Booth Id:
CBIO047
Category:
Computational Biology and Bioinformatics
Year:
2024
Finalist Names:
Agrawal, Shaurya (School: Adlai E. Stevenson High School)
Abstract:
Cellular reprogramming holds immense promise for novel therapeutics in fields like disease reversion and cellular regeneration. This field aims to control or perturb gene expression to induce specific downstream impacts of cell states and types. However, current research remains limited to basic use cases as large-scale in-vitro experiments are extremely expensive and impractical and in-silico models can only predict simple conversions with limited clinical applicability. Thus, the goal of this project was to create different, generalizable optimization models that can predict compounded transcription factor perturbation paths for more complex cell-state conversions. For our analysis, perturb-seq data from the genome-wide study done by Replogle et. al was used. After preprocessing, the data was used to prepare benchmarking models based on leading techniques from past literature due to no direct existing models for comparison.
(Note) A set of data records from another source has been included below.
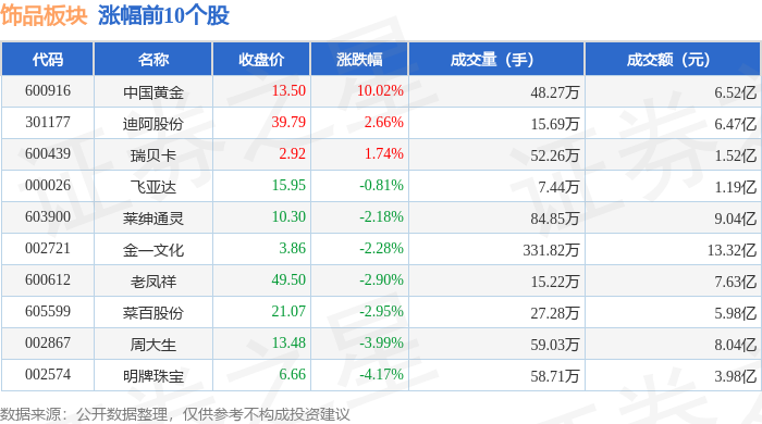 从资金流向上来看,当日饰品板块主力资金净流入7.44亿元,游资资金净流出1.48亿元,散户资金净流出 5.96亿元。饰品板块个股资金流向见下表: | 代码 | 名称 | 收盘价 | 涨跌幅 | 成交量(手) | 成交额(元) | | | --- | --- | --- | --- | --- | --- | --- | | 301177 | 迪阿股份 | 38.76 | 20.00% | 11.75万 | | 4.24亿 | | 300945 | 曼卡龙 | 24.70 | 19.96% | 68.98万 | | 15.78亿 | | 600916 | 中国黄金 | 12.27 | 10.04% | 30.45万 | | 3.74亿 | | 603900 | 苹细通灵 | 10.53 | 10.03% | 41.67万 | | 4.32亿 | | 002721 | 金一文化 | 3.95 | 10.03% | 174.93万 | | 6.66亿 | | 605599 | 菜自股份 | 21.71 | 9.98% | 14.15万 | | 2.98亿 | | 600612 | 老凤祥 | 50.98 | 9.0 ...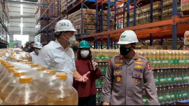 Kapolri Jenderal Listyo Sigit Prabowo dan Menteri Perdagangan Muhammad Lutfi mengecek pabrik minyak goreng di Jakarta Utara. Pabrik yang didatangi kali ini adalah PT Bina Karya Prima Gudang Ex Hargas.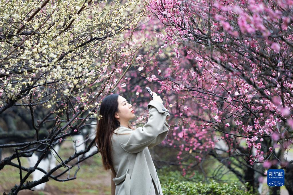 2月12日,游人在南京古林公園拍攝梅花。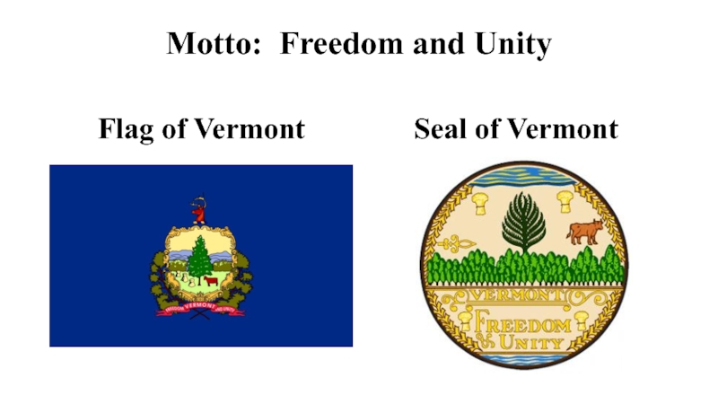 Motto:  Freedom and Unity  Flag of VermontSeal of Vermont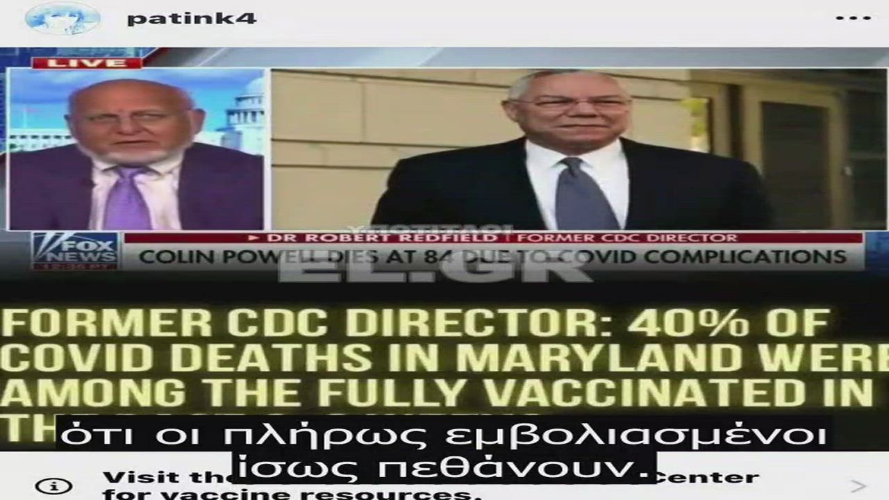 Πρώην Διευθυντής του CDC-Τις τελευταίες 6-8 βδομάδες, πάνω απ' το 40% των ανθρώπων που πέθαναν στο Maryland ήταν πλήρως εμβολιασμένοι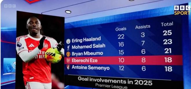 1-阿森纳 1.442-曼城 4.333-切尔西 15有球迷在社交媒体上调侃阿森纳球迷摩根:“我记得你喊过阿尔特塔下课(out)。”摩根回复道:“我也记得,不会再喊了。”消息来源:数据机构2 - 他是阿森纳的主导英超第12轮比赛,埃泽上演帽子戏法,阿森纳主场4-1击败热刺。据BBC统计,埃泽今年英超参与18粒进球,仅少于哈兰德、萨拉赫、姆伯莫。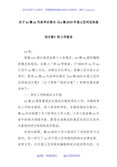 / 关于xx镇xx代表审议通过《xx镇2025年国土空间总体规划方案》的工作报告
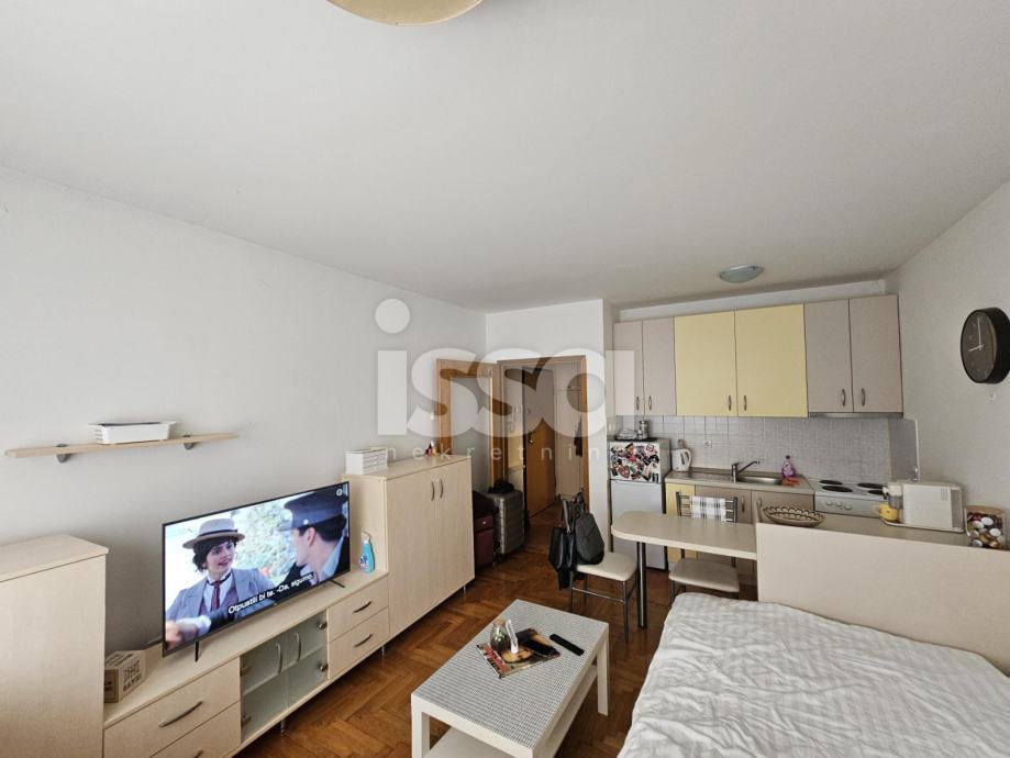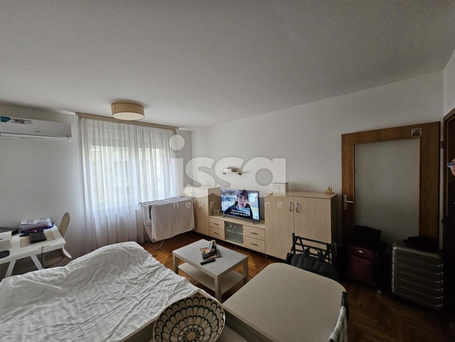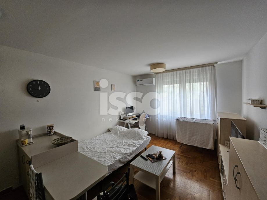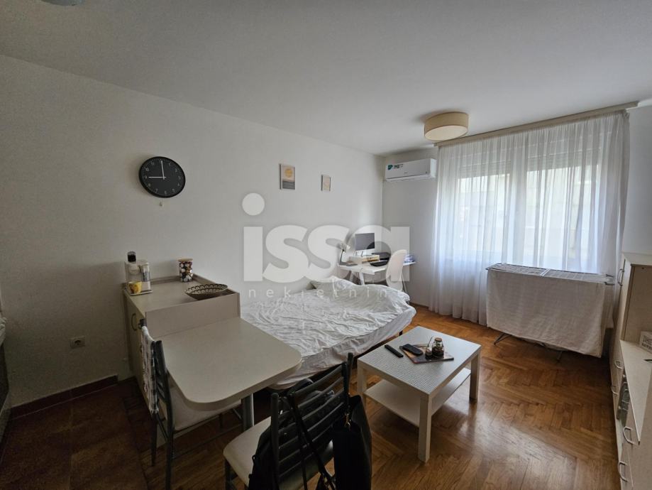 Iznajmljuje se garsonjera u prizemlju novije zgrade u naselju Špansko. Stan se sastoji od ulaznog hodnika sa velikim i dubokim ugradbenim oramarima, kupaonice sa tuš kabinom i velike dnevne sobe sa kuhinjom i blagovaonicom.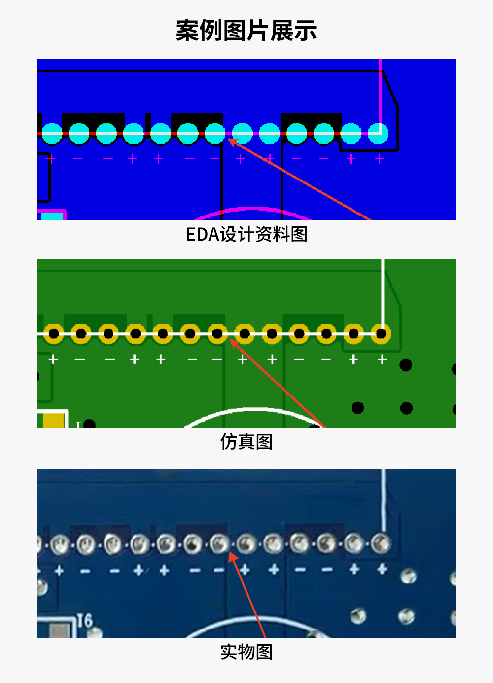 案例解释:左侧孔在第二层与电源(-) 网络连接,而右侧孔网络属性是电源(+) ,并采用了手动铺铜的方式进行走线,因此电源(+) 与电源(-) 区域发生重叠导致短路。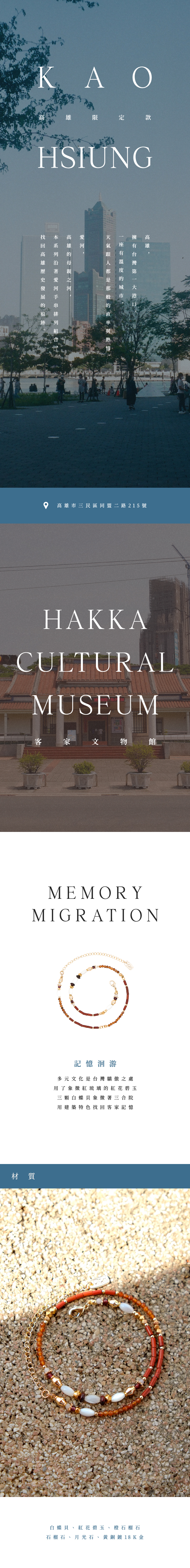 多元文化是臺灣驕傲之處,用了象徵紅琉璃的紅花碧玉,三顆蝶貝象徵著三合院,用建築特色找回客家記憶。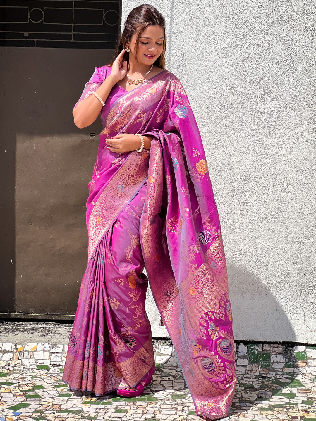 Banarasi Silk Festive Saree in Purple and Violet with Weaving work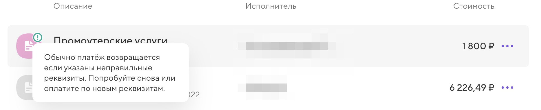 Оплата задания возвращается, когда реквизиты получателя указаны неверно или не совпадают с именем исполнителя.

These benchmarks were then compared with three models, custom vector-addition-based greedy algorithms, constrained OLS, and non-linear SQP solver that perform the main task of predicting combinations of transcription factor perturbations for converting erythroleukemia cells to retinal pigment epithelial cells. The models were compared using two different similarity metrics, the industry-standard cosine similarity, and the custom projection score. The custom vector addition-based greedy algorithm achieved the highest score for both metrics, almost double the benchmark, and 90% for the cosine similarity score. All models predicted established transcription factors and novel TFs for this drastic conversion task proving generalizability and clinical applicability to further cellular reprogramming as a potential cure for a myriad of diseases.